# Kaun signs 3yr deal with CSKA



## croco (Feb 14, 2005)

> CSKA signed a contract with center Alexander Kaun (211 cm), who became the first Russian NCAA champion last spring. The contract with the 23-year old player is signed for three years - until the end of 2010/11 season.
> 
> Alexander began to play basketball in the U.S., where he moved in the age of 16 to continue his studies, and all his sports successes are associated with the Kansas Jayhawks.
> 
> ...


Good pickup for CSKA, he should be able to give them solid minutes immediately.


----------



## TM (Jun 30, 2003)

http://www.draftexpress.com/blog/Jonathan-Givony/



> -Sasha Kaun signed a 3-year contract with CSKA Moscow, as released on their their official website this weekend.
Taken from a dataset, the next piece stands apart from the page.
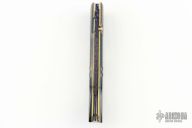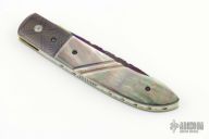 This Linerlock by Peter Martin features a blued multi-bar Mosaic Damascus blade with a single gold thumbstud with diamond inset fileworked blade spine and thumbrest. The handle is comprised of fluted and blued Mosaic Damascus bolsters, fluted black lip pearl scales, anodized titanium liners and a fileworked stainless backspacer. Comes with a leather zippered case. Excellent condition.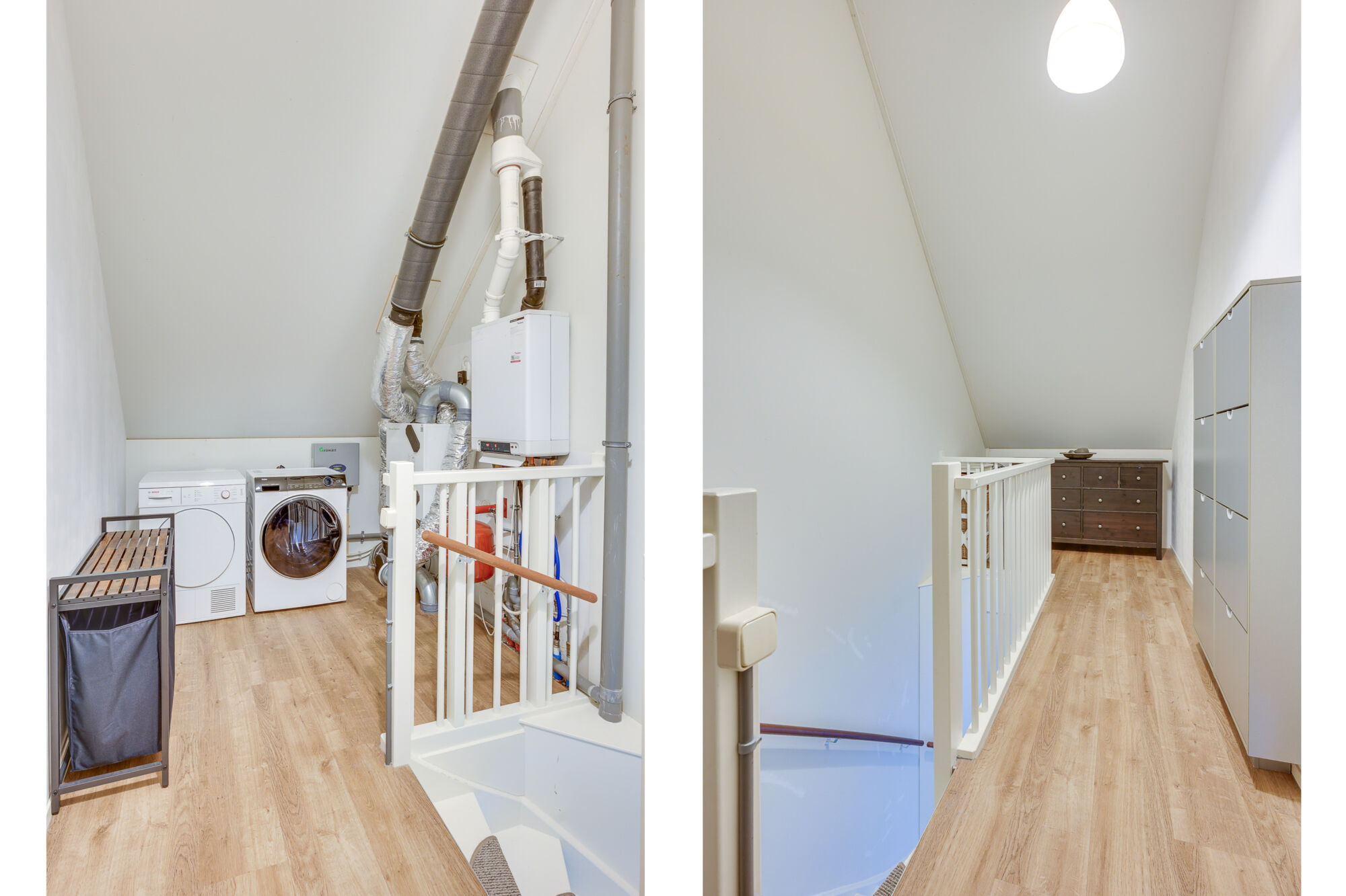 De tweede verdieping is bereikbaar via een vaste trap en biedt een ruime en praktische indeling. Hier treft u een royale voorzolder met aansluitingen voor de wasmachine en droger, evenals de opstelling van de technische installaties.

Kaun may end up being the highest paid player on the Kansas Jayhawk championship team, as his salary will be similar to that of a late lottery pick next season. He has not shut the door on playing in the NBA down the road, as he has a comfortable buyout after the second year of his contract, which may even make him more attractive to a team drafting in the late second round.
> 
> Also joining him in Moscow is former Maryland power forward Terrence Morris, who landed a 3 year deal for over 5 million Euros net (a near-MLE deal in NBA terms). CSKA is reportedly close to landing the signatures of both Zoran Planinic (to replace Theo Papaloukas) and Jorge Garbajosa (if he passes their physical).


Who did Morris play for last season? I could have sworn I saw him in the championship game over there. Did he play for CSKA or the team they were playing against? And wasn't Garbajosa going to enter the NBA Draft this season or next? Oh, and where'd Papaloukas go? Sorry for being so out of touch with the international scene.


----------



## croco (Feb 14, 2005)

TM said:


> http://www.draftexpress.com/blog/Jonathan-Givony/
> 
> 
> 
> Who did Morris play for last season? I could have sworn I saw him in the championship game over there. Did he play for CSKA or the team they were playing against? And wasn't Garbajosa going to enter the NBA Draft this season or next? Oh, and where'd Papaloukas go? Sorry for being so out of touch with the international scene.


Morris played for Maccabi and Papaloukas was recently transferred to Olympiacos in Greece.


----------